## WHAT TO WORK ON
Without the pictures, retype exactly the lines from the top of the entries below through the line that contains "जैसा कि हमने".

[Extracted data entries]
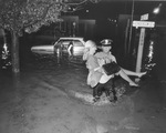 Drier ground, Patrolman J. A. Bennett carries Miss Molly Stowe after she was stranded in high flood waters, 04/21/1967.
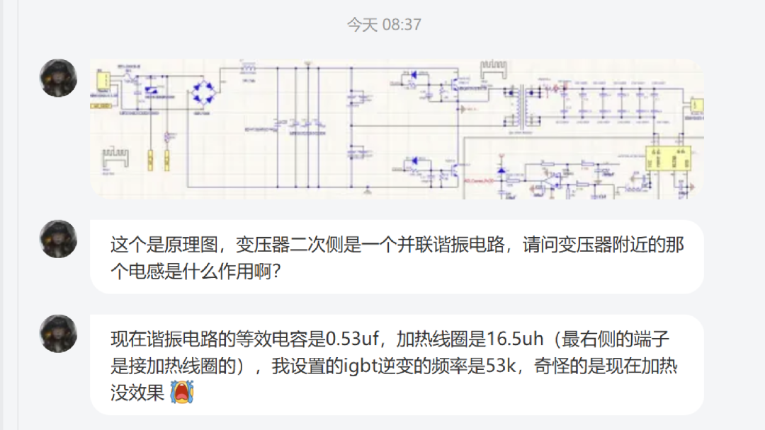 今天在B站看到朋友的留言,针对一款感应加热设备的电路图。他提出了两个问题。第一个就是在隔离变压器输出部分的电感是起到什么作用? 第二个就是根据负载感应线圈的电感以及输出并联谐振电容的数值,计算出谐振频率为53kHz,但为何没有功率输出,对负载进行加热。下面让我们来看一下这个两个有趣的问题。
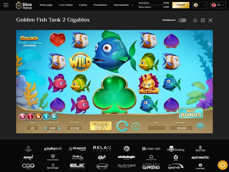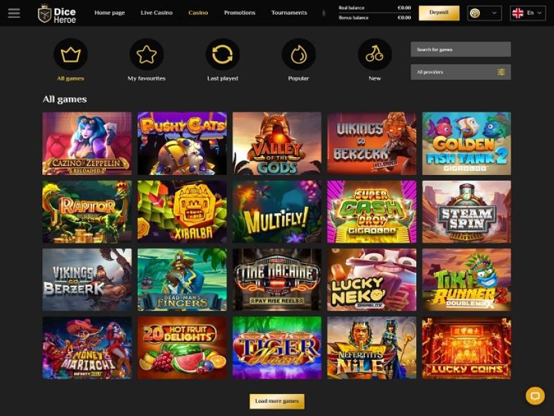 जैसा कि हमने पहले ही उल्लेख किया है, डाइसहीरो के पास एक बड़ी गेमिंग लाइब्रेरी है जो प्रसिद्ध गेम आपूर्तिकर्ताओं की एक लंबी सूची द्वारा प्रदान की गई है जैसे: यग्द्रासिल, रिलैक्स गेमिंग, स्पिनोमेनल और अन्य।
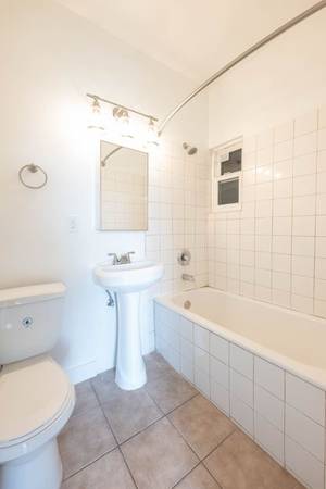 Quaint four-story brick building with secured entrance located in Koreatown. Stylish studio apartments offer natural lighting along with tiled floors, and fully equipped kitchens. Community laundry facility on premises. Our community is 1.6 miles from MacArthur Park, easy freeway access, and walking distance to an array of restaurants and shopping. One pet limit per household with a $400.00 pet deposit and $50.00 monthly pet rent. This community has street parking only.. Newly renovated studio apartment with fully equipped kitchen in a historic four story brick building.
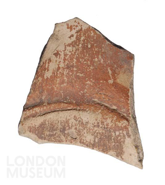 Incomplete ceramic probable picture lamp, body fragment. Part of the flat circular base defined by a groove. Central Gaulish colour-coated ware (other fabric) (CGOF).
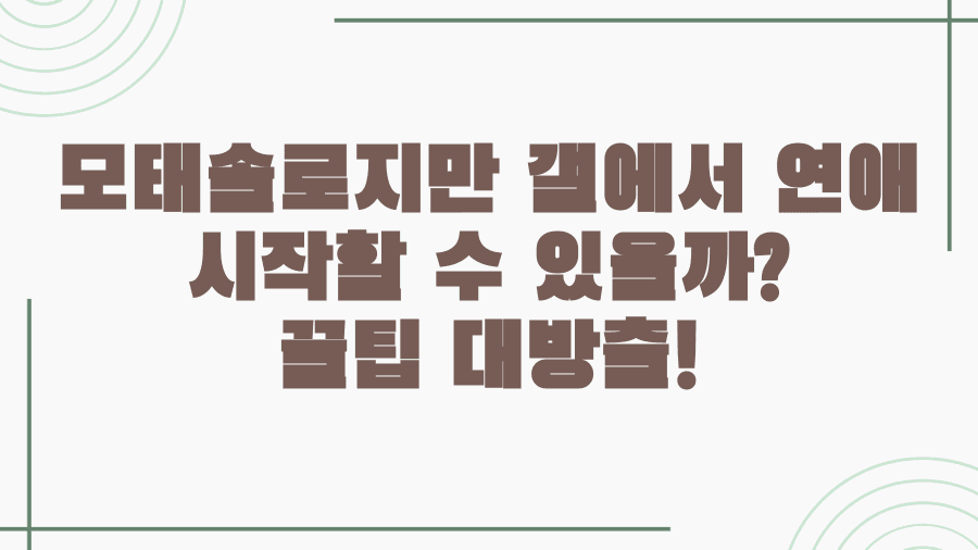 이곳에서 얻는 작은 용기와 공감은 '모태솔로 탈출'이라는 목표를 향한 든든한 발판이 될 것입니다.

## RESPONSE TO THIS TASK
 Drier ground, Patrolman J. A. Bennett carries Miss Molly Stowe after she was stranded in high flood waters, 04/21/1967.
 今天在B站看到朋友的留言,针对一款感应加热设备的电路图。他提出了两个问题。第一个就是在隔离变压器输出部分的电感是起到什么作用? 第二个就是根据负载感应线圈的电感以及输出并联谐振电容的数值,计算出谐振频率为53kHz,但为何没有功率输出,对负载进行加热。下面让我们来看一下这个两个有趣的问题。
 जैसा कि हमने पहले ही उल्लेख किया है, डाइसहीरो के पास एक बड़ी गेमिंग लाइब्रेरी है जो प्रसिद्ध गेम आपूर्तिकर्ताओं की एक लंबी सूची द्वारा प्रदान की गई है जैसे: यग्द्रासिल, रिलैक्स गेमिंग, स्पिनोमेनल और अन्य।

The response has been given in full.